Erik Griswold
Altona Sketches
Room 40
2004
B-



where would we be without John Cage? Had he never been born, his insights would be credited to a wide range of avante-garde composers (nothing stays undiscovered forever), but they wouldn’t be as relevant without his galvanizing personality and his bold music. Today, with Brisbane-based Erik Griswold, I’ll celebrate but one of his many contributions to music: the prepared piano.

The strings of a prepared piano are doctored with paper clips, rubber strips, nuts, bolts, and paper (other items can be added to the list—use your imagination) so that they produce new tones and timbres. The sound darts over the border between a percussion and string with each keystroke. The instrument’s range is startling: a prepared piano can sound like a harp, a detuned guitar, a rusty hammer on a rubber floor, a massive xylophone, or a normal piano if heard from underwater, with certain frequencies muted or encouraged.

Cage’s 1946 work Sonatas and Interludes best demonstrates the possibilities of the prepared piano.
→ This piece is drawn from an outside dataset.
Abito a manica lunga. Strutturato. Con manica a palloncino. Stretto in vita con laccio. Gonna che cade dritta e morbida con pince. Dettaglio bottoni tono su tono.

Nearly sixty years have passed since that work, but the instrument unfairly remains on the fringes of modern music.

Not if Erik Griswold has his way. He makes the prepared piano the center of Altona Sketches, an album is divided into seven pieces. The odd-numbered tracks are short interludes using music boxes and prepared toy pianos to situate his longer improvised works for prepared piano. Perhaps because of my pop-oriented background, I love the focus and accessibility of his shorter pieces. In them, Griswold develops a theme, plays with it briefly, and then lets it fade before it is completely exhausted. The pieces are short and sweet, tinged with melancholy and nostalgia, and they perfectly prepare the listener for the challenging music to come.

The longer pieces are hit or miss. At his best, Griswold plays masterfully, coaxing emotions and rhythms from the piano that I never thought possible—even with the aid of a few ragged nuts and bolts. “Friday” sees Griswold running urgently through a forest of deep bell-like tones. The ominous mood is augmented by a plaintive, squeaky note that sounds like a lost creature begging for help. Help arrives in the form of a gorgeous harp(iano) that rings clearly over the murky bed of deep bells. And all this in the first seven minutes. The remaining six don’t disappoint. The piece remains beautiful, but more importantly, cohesive and focused throughout.
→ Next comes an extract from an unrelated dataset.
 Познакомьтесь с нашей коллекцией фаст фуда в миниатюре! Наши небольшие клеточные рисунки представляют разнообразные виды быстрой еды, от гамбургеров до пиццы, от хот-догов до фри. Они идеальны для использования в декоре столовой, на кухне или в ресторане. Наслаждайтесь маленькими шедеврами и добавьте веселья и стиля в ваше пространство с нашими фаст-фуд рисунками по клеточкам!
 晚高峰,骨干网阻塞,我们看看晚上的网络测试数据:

At his worst, Griswold seems enamored with the sounds that a prepared piano can make. He ranges all over the keys, colliding new sounds with one another just to see what will happen. While I understand that this attitude of curiosity is essential to any good improviser, so is discipline. The ponderous seventeen-minute “Wednesday” illustrates the need for a balance between curiosity and discipline. In it, Griswold presents some good ideas, and he returns to them often (to me, a frank admission that he doubts the direction he’s taking), but the piece could be boiled down to a six-minute suite and lose nothing.

But I won’t let this review end on a bad note. It would be unfair to Mr. Griswold. Imagine what would have happened to an album of double-digit minute solo piano improvisations in the hands of one with lesser talent. At its worst, I never lost interest in Altona Sketches. I was merely frustrated because I know the heights that Mr. Griswold can reach.